Changeset truncated at 500 lines:

diff --git a/source3/include/smb.h b/source3/include/smb.h
index 2a3c455..29c614b 100644
--- a/source3/include/smb.h
+++ b/source3/include/smb.h
@@ -1690,7 +1690,8 @@ minimum length == 24.
 enum smbd_capability {
     KERNEL_OPLOCK_CAPABILITY,
     DMAPI_ACCESS_CAPABILITY,
-    LEASE_CAPABILITY
+    LEASE_CAPABILITY,
+    KILL_CAPABILITY
 };
 
 /*
diff --git a/source3/lib/system.c b/source3/lib/system.c
index e815766..6349af5 100644
--- a/source3/lib/system.c
+++ b/source3/lib/system.c
@@ -592,6 +592,11 @@ char *sys_getwd(char *s)
 
 #if defined(HAVE_POSIX_CAPABILITIES)
 
+/* This define hasn't made it into the glibc capabilities header yet. */
+#ifndef SECURE_NO_SETUID_FIXUP
+#define SECURE_NO_SETUID_FIXUP          2
+#endif
+
 /**************************************************************************
  Try and abstract process capabilities (for systems that have them).
 ****************************************************************************/
@@ -622,6 +627,32 @@ static bool set_process_capability(enum smbd_capability capability,
 	}
 #endif
 
+#if defined(HAVE_PRCTL) && defined(PR_SET_SECUREBITS) && defined(SECURE_NO_SETUID_FIXUP)
+        /* New way of setting capabilities as "sticky". */
+
+	/*
+	 * Use PR_SET_SECUREBITS to prevent setresuid()
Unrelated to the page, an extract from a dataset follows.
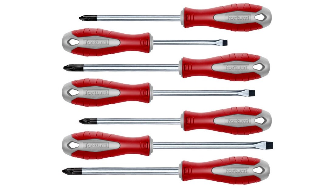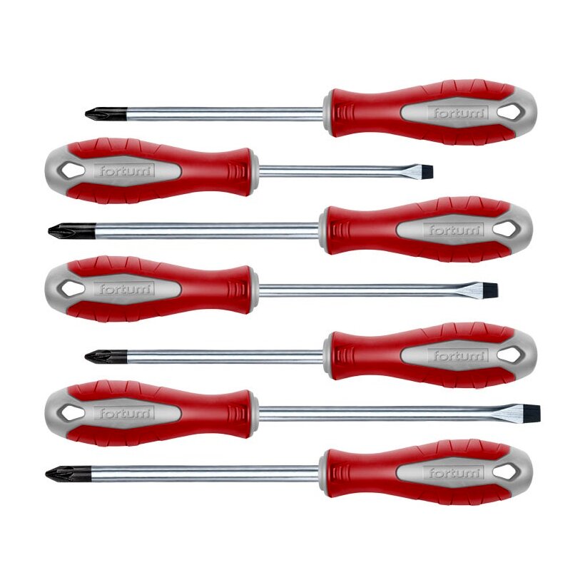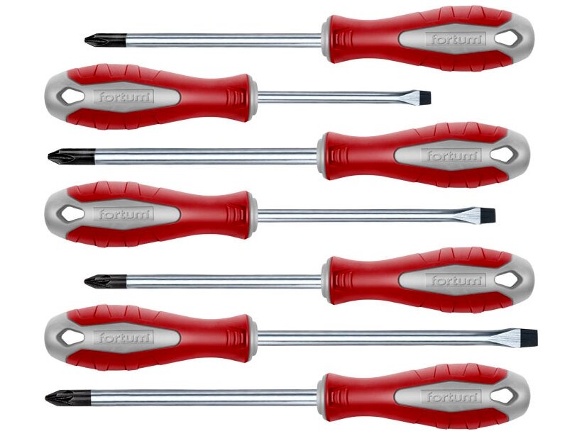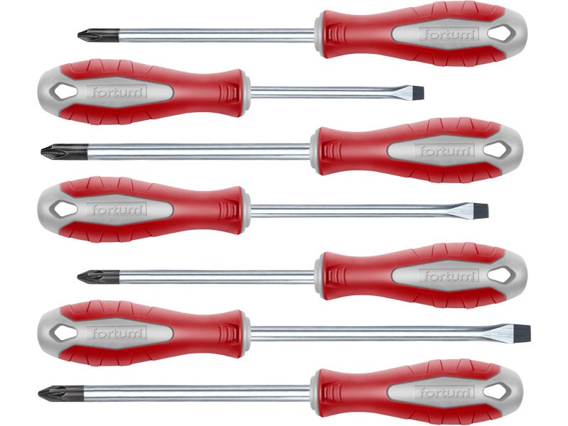 Fortum 4740930 Csavarhúzó készlet, 7 részes lapos: 3×75, 5×100, 6×125mm, PH1×100, PH2×125, PZ1×100, PZ2×125, CV. mágneses, papír doboz

+	 * atomically dropping effective capabilities on
+	 * uid change. Only available in Linux kernels
+	 * 2.6.26 and above.
+	 *
+	 * See here:
+	 * http://www.kernel.org/doc/man-pages/online/pages/man7/capabilities.7.html
+	 * for details.
+	 *
+	 * Specifically the CAP_KILL capability we need
+	 * to allow Linux threads under different euids
+	 * to send signals to each other.
+	 */
+
+	if (prctl(PR_SET_SECUREBITS, 1 << SECURE_NO_SETUID_FIXUP)) {
+		DEBUG(0,("set_process_capability: "
+			"prctl PR_SET_SECUREBITS failed with error %s\n",
+			strerror(errno) ));
+		return false;
+	}
+#endif
+
 	cap = cap_get_proc();
 	if (cap == NULL) {
 		DEBUG(0,("set_process_capability: cap_get_proc failed: %s\n",
@@ -650,6 +681,11 @@ static bool set_process_capability(enum smbd_capability capability,
 			cap_vals[num_cap_vals++] = CAP_LEASE;
 #endif
 			break;
+		case KILL_CAPABILITY:
+#ifdef CAP_KILL
+			cap_vals[num_cap_vals++] = CAP_KILL;
+#endif
+			break;
 	}
 
 	SMB_ASSERT(num_cap_vals <= ARRAY_SIZE(cap_vals));
@@ -659,16 +695,37 @@ static bool set_process_capability(enum smbd_capability capability,
 		return True;
 	}
 
-	cap_set_flag(cap, CAP_EFFECTIVE, num_cap_vals, cap_vals,
-		enable ? CAP_SET : CAP_CLEAR);
+	/*
+	 * Ensure the capability is effective. We assume that as a root
+	 * process it's always permitted.
+	 */
+
+	if (cap_set_flag(cap, CAP_EFFECTIVE, num_cap_vals, cap_vals,
+			enable ? CAP_SET : CAP_CLEAR) == -1) {
+		DEBUG(0, ("set_process_capability: cap_set_flag effective "
+			"failed (%d): %s\n",
+			(int)capability,
+			strerror(errno)));
+		cap_free(cap);
+		return false;
+	}
 
 	/* We never want to pass capabilities down to our children, so make
 	 * sure they are not inherited.
 	 */
-	cap_set_flag(cap, CAP_INHERITABLE, num_cap_vals, cap_vals, CAP_CLEAR);
+	if (cap_set_flag(cap, CAP_INHERITABLE, num_cap_vals,
+			cap_vals, CAP_CLEAR) == -1) {
+		DEBUG(0, ("set_process_capability: cap_set_flag inheritable "
+			"failed (%d): %s\n",
+			(int)capability,
+			strerror(errno)));
+		cap_free(cap);
+		return false;
+	}
 
 	if (cap_set_proc(cap) == -1) {
-		DEBUG(0, ("set_process_capability: cap_set_proc failed: %s\n",
+		DEBUG(0, ("set_process_capability: cap_set_flag (%d) failed: %s\n",
+			(int)capability,
 			strerror(errno)));
 		cap_free(cap);
 		return False;
diff --git a/source3/smbd/server.c b/source3/smbd/server.c
index 2c5ce40..25571a9 100644
--- a/source3/smbd/server.c
+++ b/source3/smbd/server.c
@@ -1027,6 +1027,14 @@ extern void build_options(bool screen);
 	gain_root_privilege();
 	gain_root_group_privilege();
 
+	/*
+	 * Ensure we have CAP_KILL capability set on Linux,
+	 * where we need this to communicate with threads.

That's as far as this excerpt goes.